短三和音とは何か — 構造・機能・実践ガイド

短三和音とは

短三和音(たんさんわおん、minor triad)は、音楽和声の基本的な構成要素のひとつで、基音(根音)から長3度と完全5度ではなく、短3度(小3度)と完全5度でできている三音の和音です。一般に「m」「min」「-」などの表記で示され、クラシック、ジャズ、ポピュラー音楽を問わず広く用いられます。和音の性格としては、一般に「暗め」「陰影のある」「哀愁を帯びた」響きと形容されますが、その機能や文脈によって印象は大きく変化します。

構造と音程

短三和音は三つの音から成り立ちます。順に基音(根音: R)、短三度(m3: 3半音上)、完全五度(P5: 7半音上)。たとえばC短三和音(Cm)は音階順にC–E♭–Gです。主要なポイントは次の通りです。

  • 短三度(小3度): 根音から3半音上。これは和音の「短(minor)」たる所以。
  • 完全五度: 根音から7半音上、和音の安定性を担う。
  • 構成としては短三度+長三度(3半音+4半音)で成り立つことが多い(根音から見ると短3度、上方向へ積むと長3度が続く)。
  • 転回形: 根音位置(根位)・第一転回(6)・第二転回(6/4)と表記される(通例、通奏低音の記譜法や楽曲分析で用いる)。

音律と倍音構造

短三和音の音程は調律方式によりわずかに変わります。

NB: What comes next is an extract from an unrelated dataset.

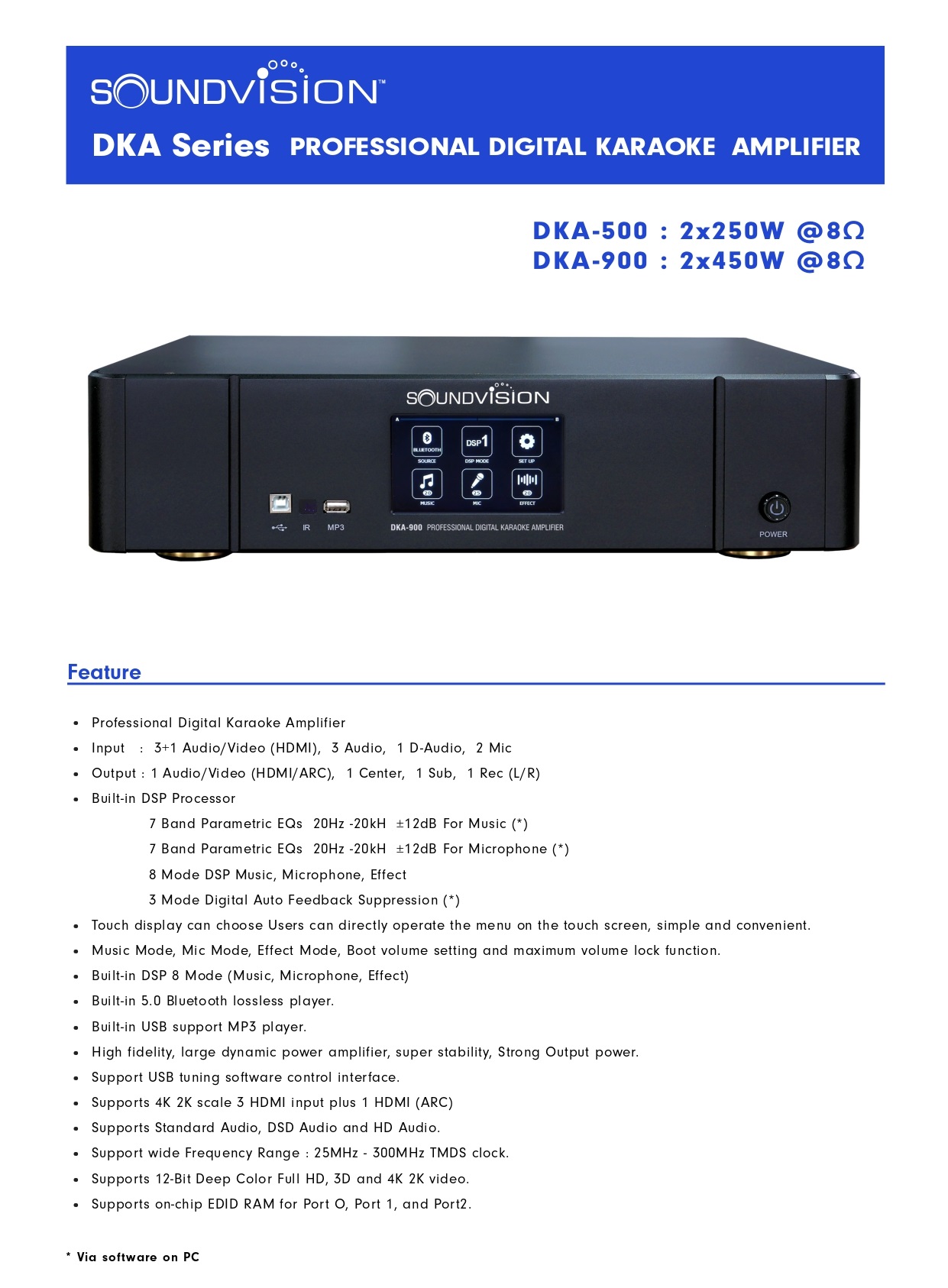 แอมป์คาราโอเกะดิจิตอล SOUNDVISION DKA-900 2×450 วัตต์ Built-in DSP รองรับ 4K HDMI ARC และ บลูทูธ

平均律(12平均律)における短3度の比率は2^(3/12) ≒ 1.1892ですが、純正律(ジャスト・イントネーション)では短3度は6:5(比率1.2)で表されることが多く、完全5度は3:2です。純正律における短三和音の比は1 : 6/5 : 3/2、整数比で表すとおよそ10:12:15となります。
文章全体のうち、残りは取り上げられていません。